Reggie Pearman: Will relinquish his post as Bermuda Cricket Board president in 12 months' time.

When Bermuda Cricket Board president Reggie Pearman first got involved with cricket, two rival groups were running an amateur game on an Island still affiliated with the West Indies Board.

Thirty-eight years later and the country is an Associate nation in its own right, has been to a World Cup finals, and Pearman's looking forward to a well earned rest after presiding over one of the most tumultuous period in the game's history.

Recently honoured with an ICC Lifetime Achievement Award, Pearman's term in office expires in 12 months and he's already decided, after a decade at the helm, that it's time to step aside and let someone else take control.

"I've got one more year to go on my term," said Pearman. "I'm scheduled to leave in 2011. Hopefully by then I can look back and say 'ok, fine, you did accomplish some things'.

"I've paid my dues I think, and it hasn't been all easy. I've had my ups and downs, votes of censorship and everything else, but by the Grace of God I've survived, but I love the sport, it's all voluntary after all. Most of the people on the Board volunteer their time, someone has to do it, the ICC aren't going to do it.

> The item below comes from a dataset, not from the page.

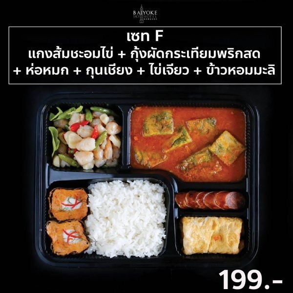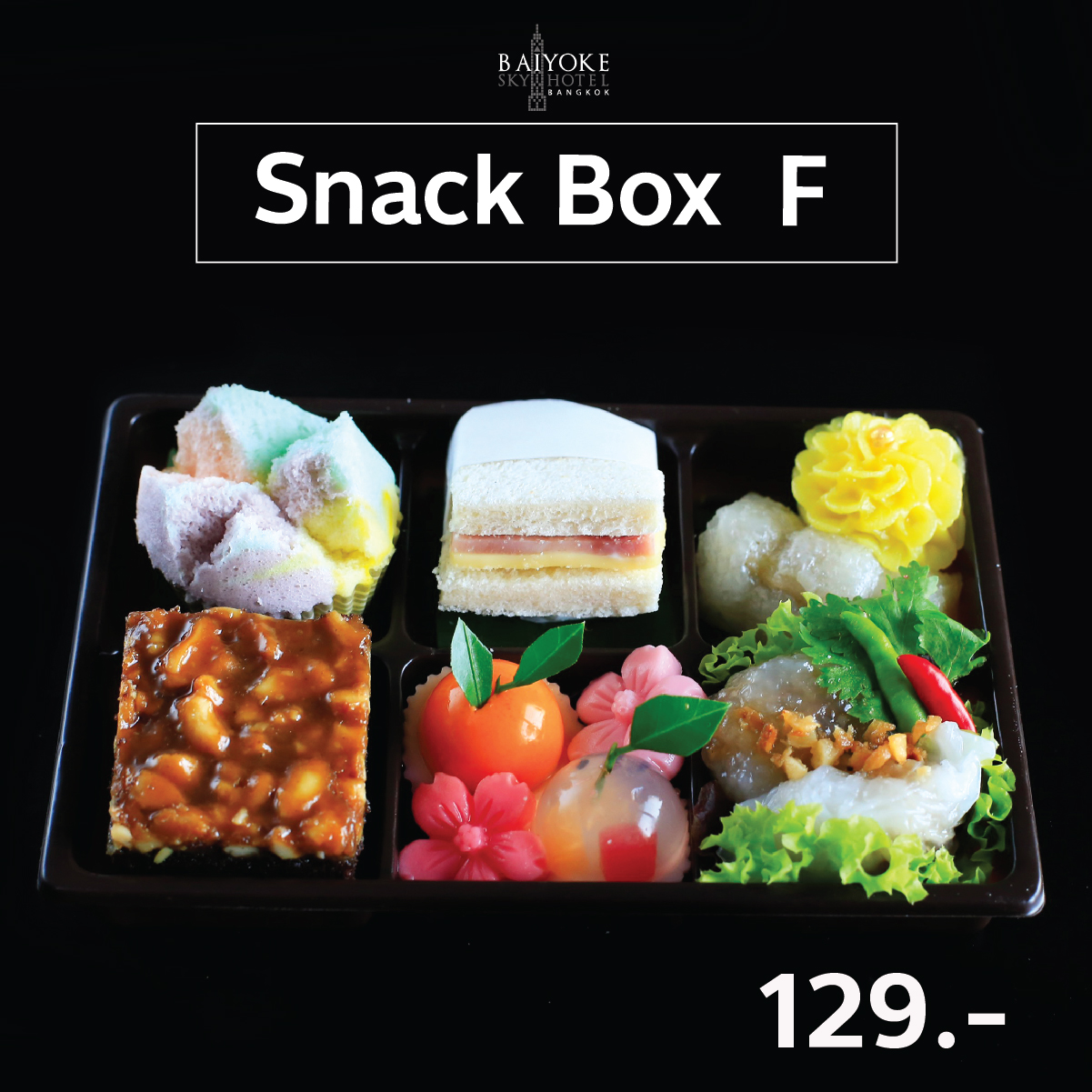 SET F ปุยฝ้าย, ทอฟฟี่เค้ก, แซนวิชแฮมชีส, วุ้นกะทิลูกส้ม, วุ้นกะทิผลไม้, วุ้นซากุระ, ผกากรอง, ข้าวต้มมัด, สาคูไส้หมู, ปากหม้อไส้หมู 129.-

"Hopefully someone else will step into the shoes and carry it forward further than what we have had. I remember when the Board started, Bermuda was still segregated, and those two groups came together and we set up a national association and moved from there.

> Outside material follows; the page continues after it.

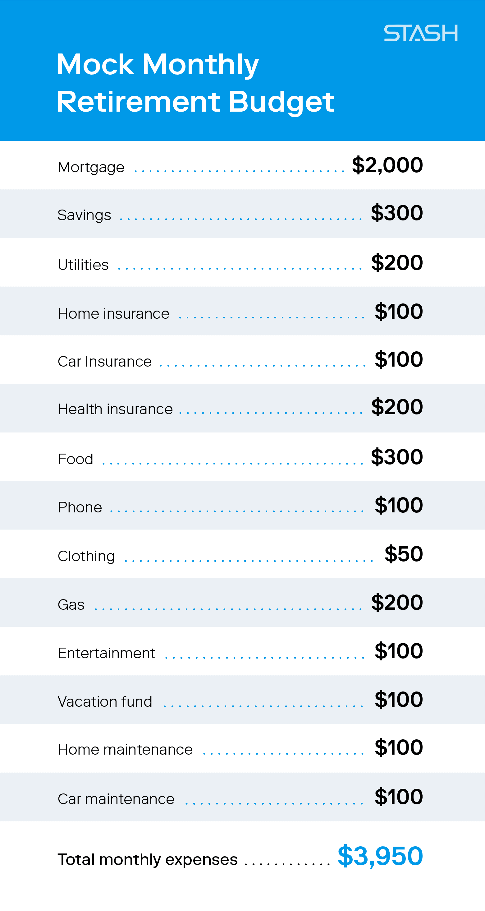 Then, list your expected monthly spending. Many of your expenses will stay more or less the same in retirement, so take a look at your current costs (food, utilities, medical, insurance, internet, car, etc.) and use those numbers as a baseline.Adjust each item as needed based on your personal retirement goals. For example, if you know you want to buy a new car for retirement, estimate the monthly payments required for the new car versus the one you currently have.

'We took it from the Somers Isle Cricket League became one body, and it's worked well. Over the years all the guys I have worked with have helped me, and I hope I've helped them. And we use to have some hot arguments boy, but we left the meeting amicably.

"We'd argue back and forth, curse each other right off, and everything else, but at the end of the day we could go and have a beer and come back and start all over again.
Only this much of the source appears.